First, it pop the return address into hardcode address, then it decrypt the real instruction by moving the opcode of real instruction and the then return address is calculated. So each instruction is actual just do one instruction at a time, which is the decrypted code. For deobfuscate the call obfuscate, i use this silly code

def patch_call(call, start_call, ret):
ea = start_call
create_insn(ea) # pop instruction
poped_addr = get_operand_value(ea, 0)
patch_qword(poped_addr, ret)
ea += 0xe # point to mov
insn_len = create_insn(ea)
ah = get_wide_byte(get_operand_value(ea, 1)) << 8
ea += insn_len # point to lea
insn_len = create_insn(ea)
eax = ah + get_operand_value(ea, 1)
ea += insn_len # point to mov
addr_patch = get_operand_value(ea, 0)
patch_dword(addr_patch, eax)
ea = addr_patch
real_insn = create_insn(ea)
if print_insn_mnem(ea) == 'jmp':
jmp = get_operand_value(ea, 0)
delta = jmp - call - 5
patch_byte(call, 0xe9)
patch_dword(call + 1, delta)
return jmp
#in case it not a jmp to htl
for i in range(real_insn):
patch_byte(call + i, get_wide_byte(ea + i))
create_insn(call)
ea = poped_addr + 8
create_insn(ea)
delta = get_operand_value(ea, 1) # get the real return value
return ret + delta

Dump the deobfuscated shellcode to a file, investigate on that code, we can found some key concept below:

There' re 32 checks, everytime check fail, it jump into function sub_1400011F0 which print out "Wrong key" message and terminate program.

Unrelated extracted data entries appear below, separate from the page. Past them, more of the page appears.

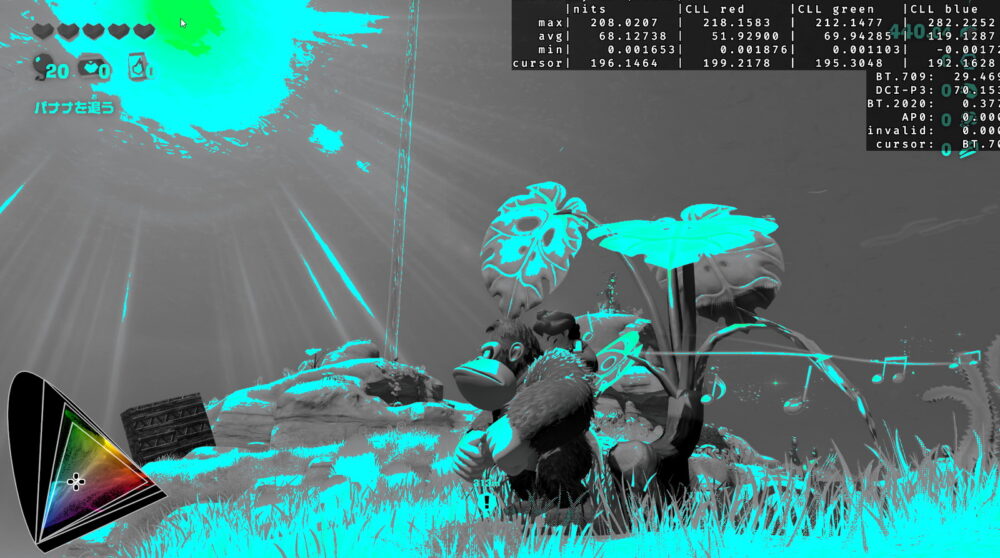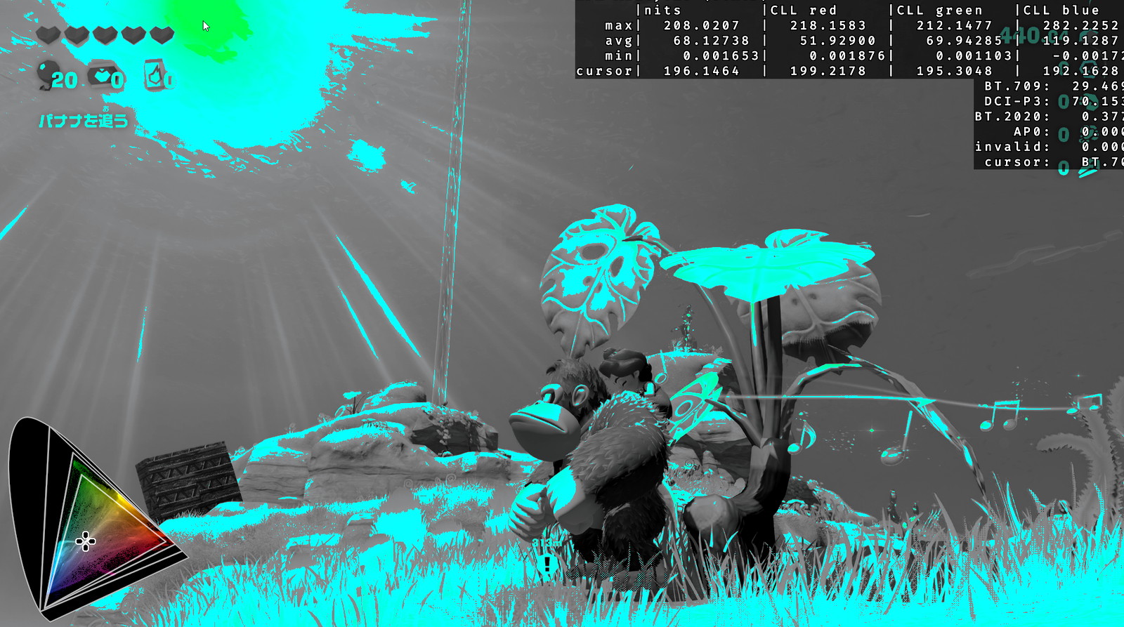 とりあえず、ドンキーコング バナンザは南国感というか原色バリバリなゲーム映像からも分かるようにDCI-P3の広色域カラーをしっかりと使ってくれます。(なぜかSDRベース輝度 120cd/m^2に対して、高輝度は200~300cd/m^2止まり)
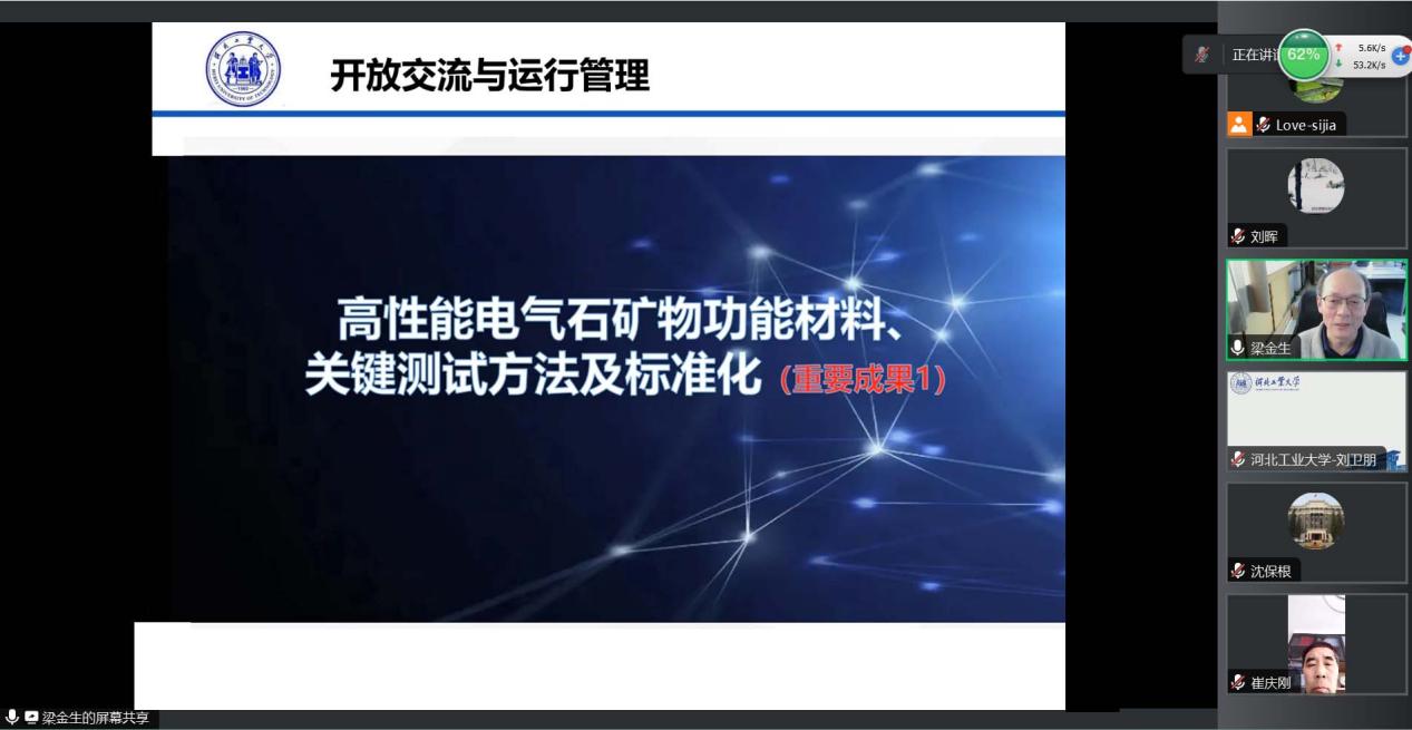 梁金生进行了重点实验室2023年工作总结汇报。梁金生研究员围绕着实验室2023年度的基本建设情况和取得的主要成果、研究队伍建设、学科发展与人才培养、开放交流与运行管理等方面进行汇报。实验室在高性能电气石矿物功能材料、关键测试方法及标准化方面取得了突破性进展。主持制定的《电气石自发极化性能测试方法》国家标准(GB/T 41760-2022)颁布实施,该标准填补了我国关于电气石粉体材料自发极化性能测试方法的空白,为电气石的高值化利用奠定了坚实的基础。在科教融合方面,研究成果转化教学资源,梁金生研究员主编的教育部材料类教学指导委员会规划教材《生态环境功能材料》于2023年7月正式出版发行。梁广川研究员主编的《新能源材料概论》、《高性能磷酸锰铁锂电池材料》均已于2023年出版;《固废资源循环科学与工程实践》入选教育部高等学校材料类专业教学指导委员会规划教材计划,将于2024年出版。
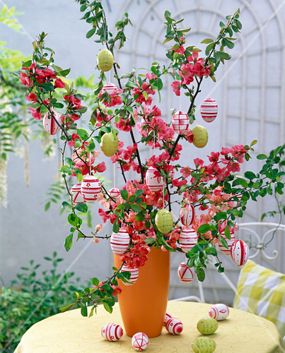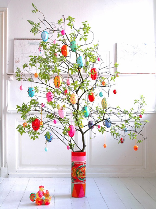 Ecco un esempio di albero pasquale decorato con le uova.
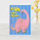 Big Pink dinosaur eating a leaf, with a birthday greeting on a blue background.

For each check, it is a equation of operation include plus, xor, mul where input key is manage to join in mul operation, each equation take random 8 characters from input key, each character mul with a hardcode number, then xor/add with another hardcode number
The hardcode value is not show up clearly in the code but hided by some simple maths (push a number on stack, add/sub a number, the result is the actual value, …) which can be quickly remove by find the pattern replace with coressponse value of that value.

Almost value is manual construct byte by byte (except the value used to mul with input key character), each byte of the value appear in form of array, corresponse to two type of operations xor and add. the final value can be managed to collect with help of idapython script. But compare to actual value we find when debug, some of them are slicely different.

At this point, we decided to debug and log the results of every operation, then convert each result back to the 'actual value' used in the operations. After debugging the first check, we can reimplement it in Python for the first case like this

def c1():
result = data[0x4] * 0xef7a8c
result = result + 0x9d865d8d
result = result - (data[0x18] * 0x45b53c)
result = result + 0x18baee57
result = result - (data[0x0] * 0xe4cf8b)
result = result + 0x6ec04422
result = result - (data[0x8] * 0xf5c990)
result = result + 0x6bfaa656
result = result ^ (data[0x14] * 0x733178)
result = result ^ 0x61e3db3b
result = result ^ (data[0x10] * 0x9a17b8)
result = result + 0x35d7fb4f
result = result ^ (data[0xc] * 0x773850)
result = result ^ 0x5a6f68be
result = result ^ (data[0x1c] * 0xe21d3d)
result = result ^ 0x5c911c23
result = result + 0x7e9b8687
result &= 0xffffffffffffffff
return result

We still have 31 functions like this left, and while debugging each one is possible, it would be extremely time-consuming. I decided to automate the process using IDAPython. My plan is to dump the values of each operation and then back-calculate them to find the hardcoded numbers. I patched the input to \x00 * 32 to make the calculation easier. With my deobfuscated shellcode dump file, it's easy to locate the offset of any instruction. First, I found that there are only 32 test instructions, each one checking the final value in each function

I’ll set breakpoints at each of these 32 test instructions.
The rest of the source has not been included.